(this is not a photograph of Kim Mulkey reacting to Brittney Griner coming out)
Later this week, ESPN The Magazine and ESPNw are publishing an interview with Phoenix Mercury rookie and recent Baylor alumnus Brittney Griner, in which the the no. 1 overall pick in this year’s WNBA draft alleges Baylor head coach Kim Mulkey actively discouraged her from publicly discussing the former’s homosexuality. “”The coaches thought that if it seemed like they condoned it, people wouldn’t let their kids come play for Baylor.” Griner told ESPN, though it seems the women’s basketball program were willing to turn a blind eye if it meant competing for a national title.
“It was more of a unwritten law [to not discuss your sexuality] … it was just kind of, like, one of those things, you know, just don’t do it,” Griner said Friday. “They kind of tried to make it, like, ‘Why put your business out on the street like that?'”
“I told Coach [Mulkey] when she was recruiting me. I was like, ‘I’m gay. I hope that’s not a problem,’ and she told me that it wasn’t,” Griner said. “I mean, my teammates knew, obviously they all knew. Everybody knew about it.”
Baylor University, a private Baptist school located in Waco, Texas, has a “Statement on Human Sexuality” in its student handbook. Located under the label “Sexual Misconduct,” it says that “Christian churches across the ages and around the world have affirmed purity in singleness and fidelity in marriage between a man and a woman as the biblical norm. Temptations to deviate from this norm include both heterosexual sex outside of marriage and homosexual behavior. It is thus expected that Baylor students will not participate in advocacy groups which promote understandings of sexuality that are contrary to biblical teaching.”
When asked by ESPN to give her side of the story, Mulkey, though quick to praise Griner (“she leaves behind an incredible legacy”) was equally fast in adding, “I cannot comment on personal matters surrounding any of our student-athletes”. Trouble is, it isn’t simply a personal matter involving Griner.
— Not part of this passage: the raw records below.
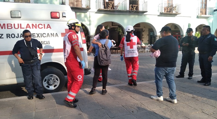Atiende paramédicos de Protección Civil Municipal a mujer lesionada en la Basílica de Ocotlán
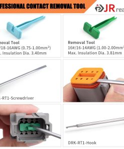 JRready ST6309 Deutsch Connector Kit 416PCS – 2 3 4 6 8 12 Pin DT Connectors with Size 16 Solid Contacts(14-20AWG), Waterproof Automotive Electrical Connector for Car, Motorcycles, Boat. Configurations include 32 sets 2, 3, 4, 6, 8, 12 pin connectors, 132 pairs size 16 solid contact, 4 pcs deutsch pin removal tool, 20 pcs seal retention plug. PA66 Material DT connectors are made of PA66 material, rugged thermoplastic housings operate in temperatures from -40 C to 125 C. Can protect your electrical system from dirt, dust, mud, water, vibration and rough terrain. Application Deutsch connectors are currently the most popular connectors in car, boat, motorcycles or pickup truck (Ford F-150) wiring applications. It has excellent performance in the connection of offroad LED light, driving lights and boat lights. Multifunctional Contact Extraction Tool DRK-RT1 and contact removal tools are the safest way to remove internal contacts without damage to the terminals, housing, or wires. Usage where the tool can save countless hours of labor. Size 16 Solid Contact Made of phosphorus bronze material, it has better high-temperature and corrosion resistance than brass, and has undergone annealing heat treatment process to improve contact ductility and wider crimping range(14-20AWG).
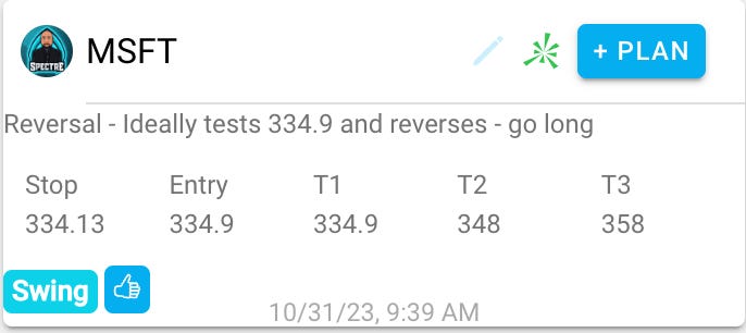 Tuesday, we took MSFT 335 calls for 4.50 risking $1. Hit $12 yesterday and could see $20+. 7 profit/1 risk= 7R. Solid trade so far.
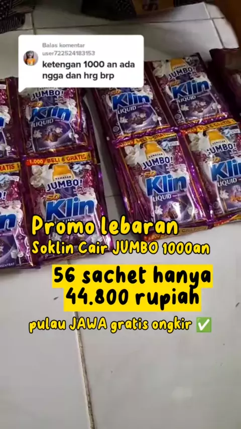 promo lebaran dari soklin liquid cair jumbo 1000an paket 56 sachet cuma 44ribuan โ
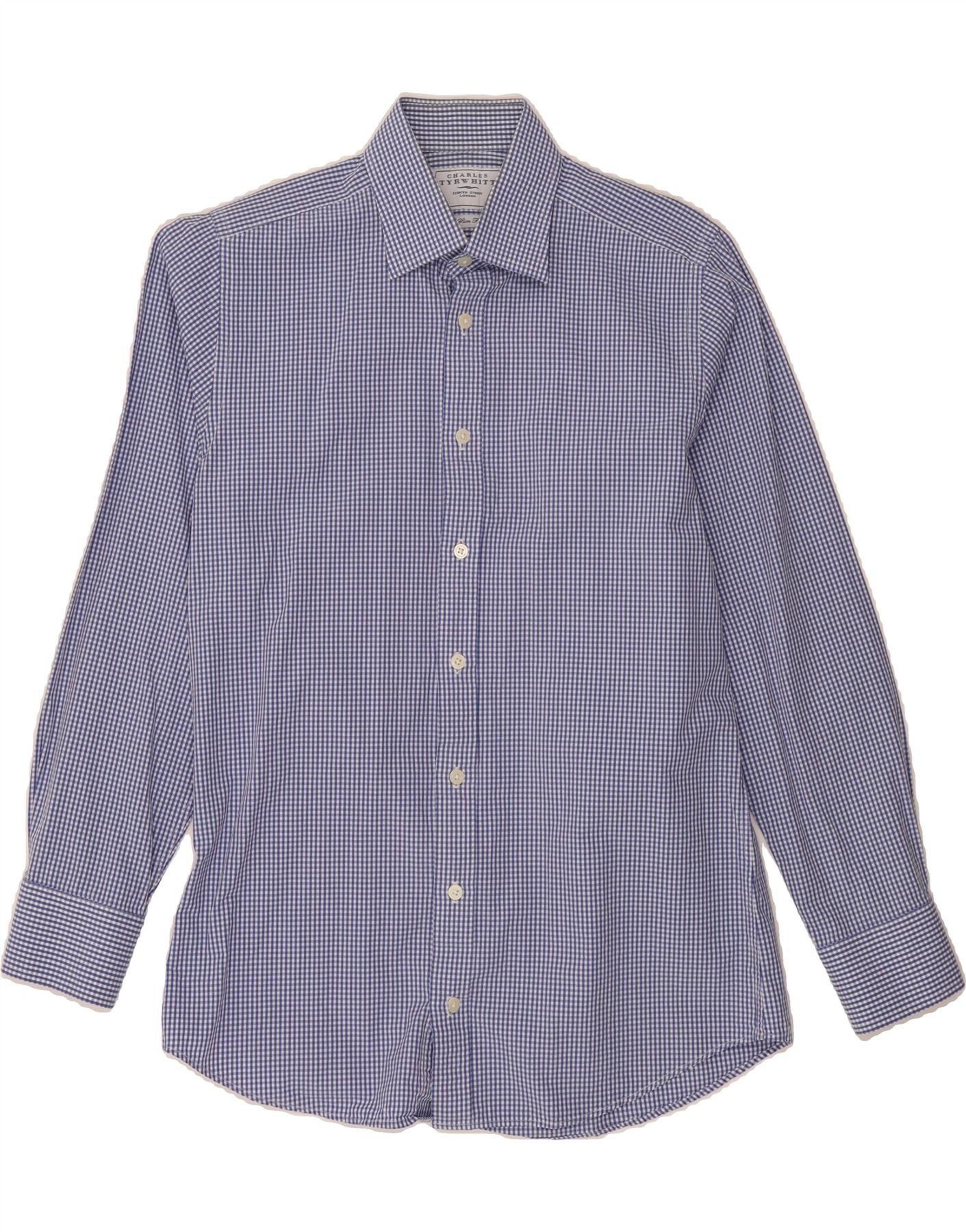 CHARLES TYRWHITT Mens Slim Fit Shirt Size 15 38 Medium Blue Gingham Cotton

The school’s defense of purity/fidelity aside (we’ll have to assume student-athletes engaging in premarital sex are expelled or have their scholarships stripped), it’s Mulkey’s actions that ought to be under scrutiny here, not Griner’s. Though it would be naive to think Mulkey is the only coach in college sports to have given similar advice to an athlete of either gender.